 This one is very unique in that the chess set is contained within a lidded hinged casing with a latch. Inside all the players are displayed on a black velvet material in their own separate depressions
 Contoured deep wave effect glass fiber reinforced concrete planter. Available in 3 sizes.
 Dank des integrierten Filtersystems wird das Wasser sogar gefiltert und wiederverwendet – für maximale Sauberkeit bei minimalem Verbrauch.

---

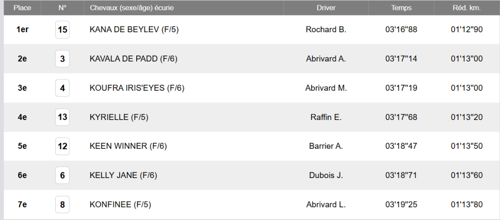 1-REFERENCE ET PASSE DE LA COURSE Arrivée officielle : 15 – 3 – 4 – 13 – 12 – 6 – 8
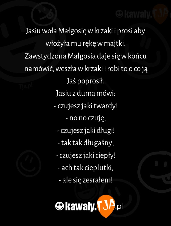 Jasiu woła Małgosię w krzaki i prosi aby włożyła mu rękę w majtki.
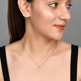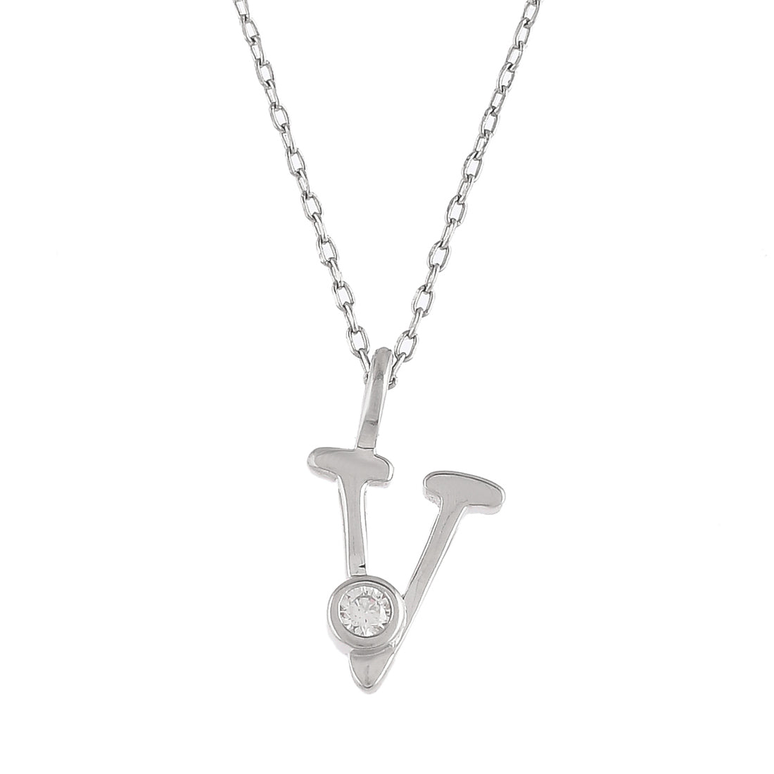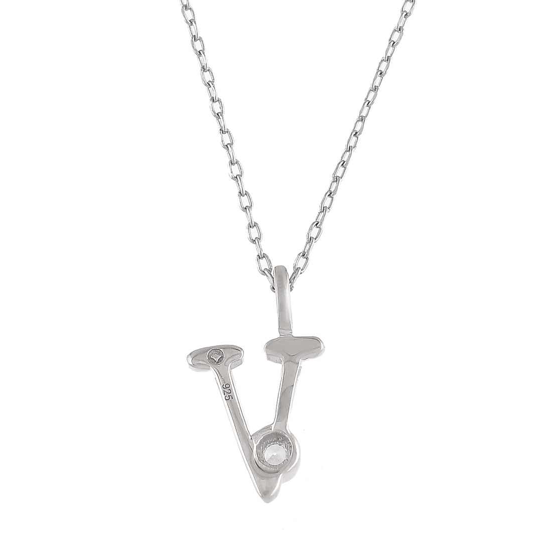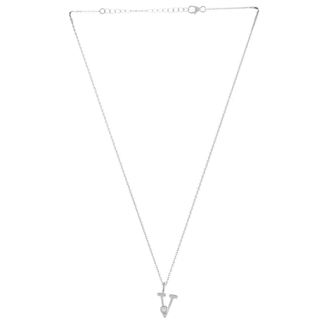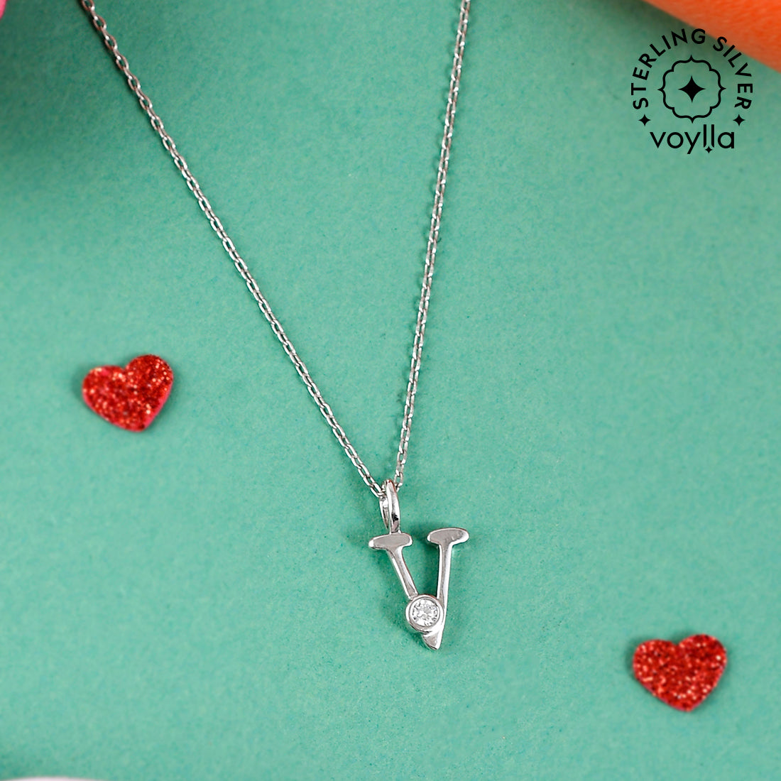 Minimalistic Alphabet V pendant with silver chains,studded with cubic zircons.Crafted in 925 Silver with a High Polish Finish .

==

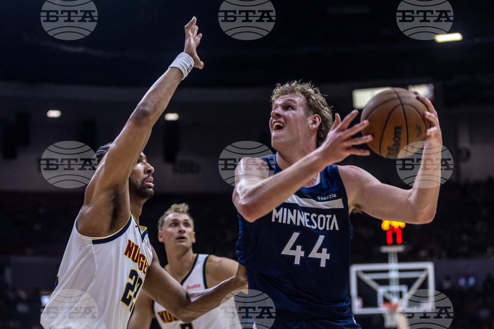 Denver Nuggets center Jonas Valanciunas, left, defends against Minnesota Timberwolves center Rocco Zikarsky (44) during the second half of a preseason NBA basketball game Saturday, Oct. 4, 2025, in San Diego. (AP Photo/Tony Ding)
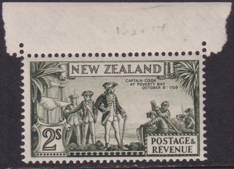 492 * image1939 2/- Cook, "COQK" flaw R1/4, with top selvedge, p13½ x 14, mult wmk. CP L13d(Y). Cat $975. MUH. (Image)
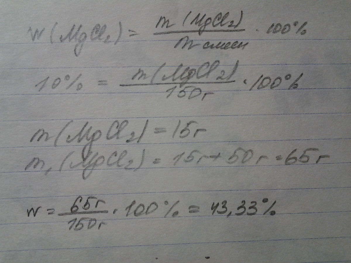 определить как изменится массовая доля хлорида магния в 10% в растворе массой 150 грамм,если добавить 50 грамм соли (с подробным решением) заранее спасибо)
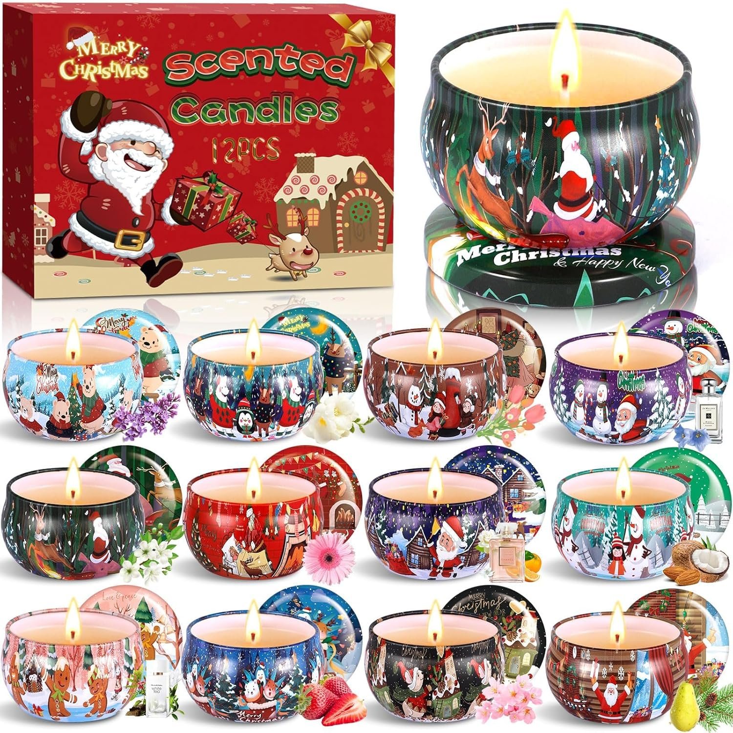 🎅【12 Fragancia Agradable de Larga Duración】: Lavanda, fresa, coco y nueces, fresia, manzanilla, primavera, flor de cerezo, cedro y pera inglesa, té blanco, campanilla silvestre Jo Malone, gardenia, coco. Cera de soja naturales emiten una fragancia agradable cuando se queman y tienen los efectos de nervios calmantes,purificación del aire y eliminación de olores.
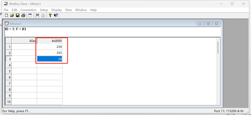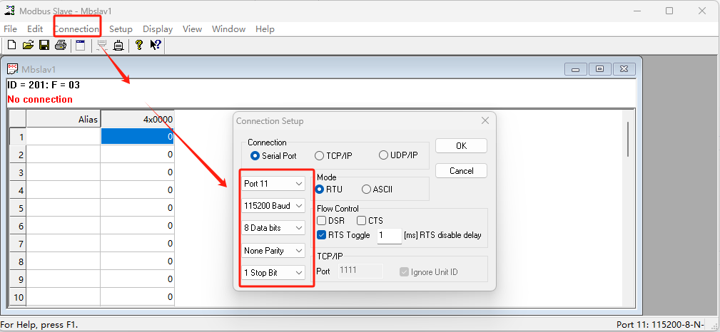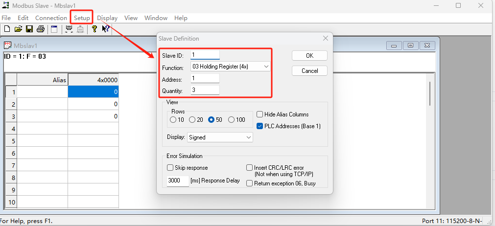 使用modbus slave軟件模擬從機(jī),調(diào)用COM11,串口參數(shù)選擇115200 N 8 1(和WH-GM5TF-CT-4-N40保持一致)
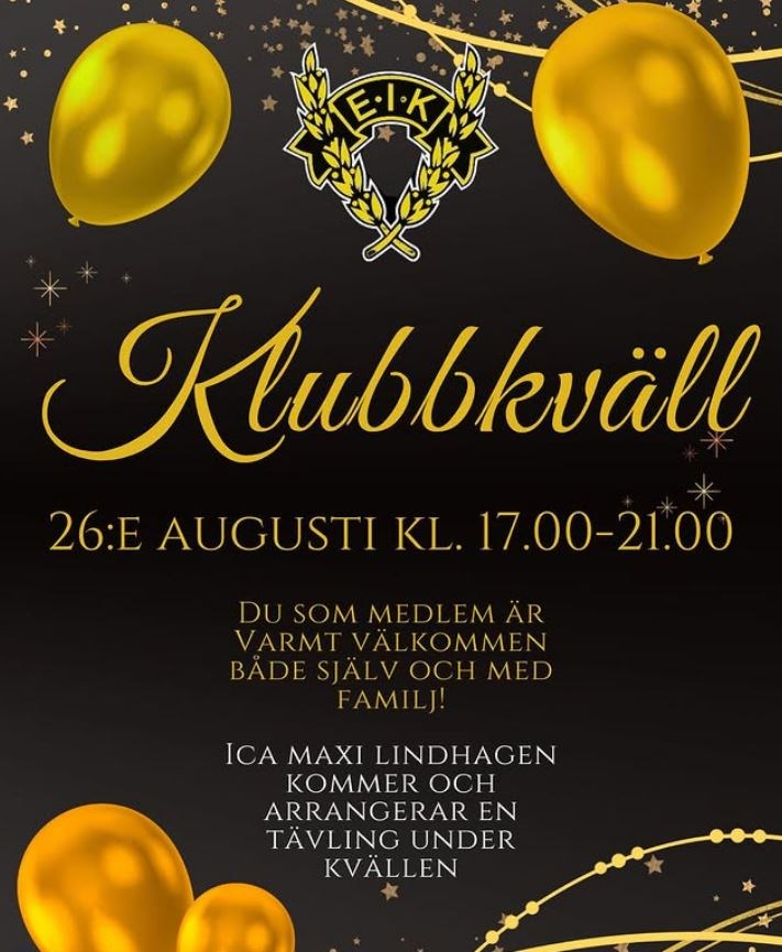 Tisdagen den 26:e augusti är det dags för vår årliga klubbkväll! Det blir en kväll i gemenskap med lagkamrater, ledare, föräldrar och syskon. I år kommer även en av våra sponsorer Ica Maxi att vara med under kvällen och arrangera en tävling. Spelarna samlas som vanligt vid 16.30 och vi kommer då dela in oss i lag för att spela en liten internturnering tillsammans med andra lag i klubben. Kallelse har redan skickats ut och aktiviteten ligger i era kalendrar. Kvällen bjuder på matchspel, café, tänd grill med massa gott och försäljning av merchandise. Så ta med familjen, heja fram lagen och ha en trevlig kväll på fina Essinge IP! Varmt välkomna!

WORK ITEM: Transcribe the listing above exactly, but only from the line with "492 * image1939" through the line with "определить как изменится". Include both of those lines and omit the pictures.

EXPECTED ANSWER:
 492 * image1939 2/- Cook, "COQK" flaw R1/4, with top selvedge, p13½ x 14, mult wmk. CP L13d(Y). Cat $975. MUH. (Image)
 определить как изменится массовая доля хлорида магния в 10% в растворе массой 150 грамм,если добавить 50 грамм соли (с подробным решением) заранее спасибо)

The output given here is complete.